Liputan6.com, Jakarta - Bakal wakil calon gubernur Jakarta dari PDIP Rano Karno, menyinggung sosok yang dinilai masih bimbang berlaga di Pilkada Jakarta 2024.
Dia merasa, sosok tersebut menginginkan maju di Pilgub Jawa Barat. Namun, karena diminta untuk berkontestasi di Pilkada Jakarta akhirnya dia maju tidak sepenuh hati.
Baca Juga
"Kalau kita mau tanya sebetulnya dia mau di sini atau mau di tempat lain? Ayo gue mau tanya. Dia mau di Jakarta atau mau di Bandung? Bukan maunya dia di mana, sebetulnya dia mau di sono. Kenapa sekarang dia di sini? Diminta Untuk di sini. Sekarang kalau dia memang di sini, enggak dengan hati," kata Rano Karno, saat paparan di Warung Si Doel, Jakarta, Jumat (6/9).
Advertisement
Lebih lanjut, Rano Karno pun menyinggung pembangunan Giant Sea Wall. Dia menilai, anggaran APBD pemerintah daerah Jakarta tak memadai untuk membangun itu.
"Dulu saya ketua Koordinator, Koordinasi Jabodetabek.
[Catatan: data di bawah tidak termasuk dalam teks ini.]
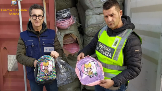 Maxi retata al porto di Ancona: sequestrati oltre 185mila pezzi tra articoli di abbigliamento, scarpe e accessori. Due le operazioni messe in campo dalla Guardia di finanza e dall’Agenzia delle Dogane. Più di 155.000 tra articoli di abbigliamento e accessori sequestrati, quasi 16.000 paia di scarpe da donna e circa 15.000 zainetti per bambini raffiguranti la bambola “L.O.L. Surprise”.

Dulu setiap Tahun gubernur berganti Banten, Jawa Barat, DKI. Jadi kita tahu gak mungkin APBD Pemda DKI untuk bangun Giant Sea Wall," imbuh dia.
Tim Pramono-Rano 'Sentil' Ridwan Kamil: Yang Sebelah Mau Bikin Jakarta Jadi Bandung Agak Susah
Tim Pemenangan meyakini bahwa pasangan bakal calon gubernur dan wakil gubernur Jakarta dari PDIP, Pramono Anung-Rano Karno mampu melanjutkan pembangunan mantan Gubernur Jakarta Anies Baswedan.
Wakil Sekretaris Tim Pemenangan Pramono-Rano, Beno Muhamad Ibnu, menyinggung kubu sebelah yang akan membuat Jakarta seperti Bandung agak sulit terwujud.
"Karena posisi yang Mas Pram dan Nang Doel yang bisa meneruskan pembangunan yang dibangun oleh Pak Anies. Kalau posisi sebelah tidak mungkin, karena mau bikin Jakarta jadi Bandung agak susah," kata Beno, saat sambutan di Warung Si Doel, Jakarta, Jumat (6/9). Bahkan, dia menegaskan, anak asli Betawi adalah Rano Karno. Sehingga, akan lebih mudah membangun Jakarta dengan baik.
"Yang anak Jakarta, yang anak Betawi, si Doel. Kalau putra daerah membangun kotanya sendiri, otomatis relate tuh emosionalnya," ujar dia.
"Beda kalau orang dari sebelah mau coba membangun, nah saya khawatirnya bukan terbangun, tapi merubah tradisi dan kultur, itu yang bahaya," sambungnya.
Advertisement
Kultur Jangan Sampai Hilang
Meskipun, kata Beno, Jakarta sudah tak lagi menjadi ibu kota, namun kultur jangan sampai hilang.
"Jakarta memang ibu kota, walaupun sekarang mau pindah ke IKN, Jakarta memang semua kaum urban di Sana. Tetapi soal kebudayaan, soal kultur, itu tidak boleh dihilangkan."
"Jangan sampai Jakarta menjadi Singapura nanti. Atau seperti Australia, yang justru orang-orang asli Jakartanya justru terpikirkan malah bisa dihilangkan. Ini bukan soal politik identitas, ini bukan soal politik primordial," tegas Beno.
"Di Jakarta, suku terbesarnya Jawa. Makanya Mas Pram tidak kita ganti menjadi Bang Pram, tetap saja menjadi Mas Pram. Tidak seperti Kang menjadi Bang," imbuhnya.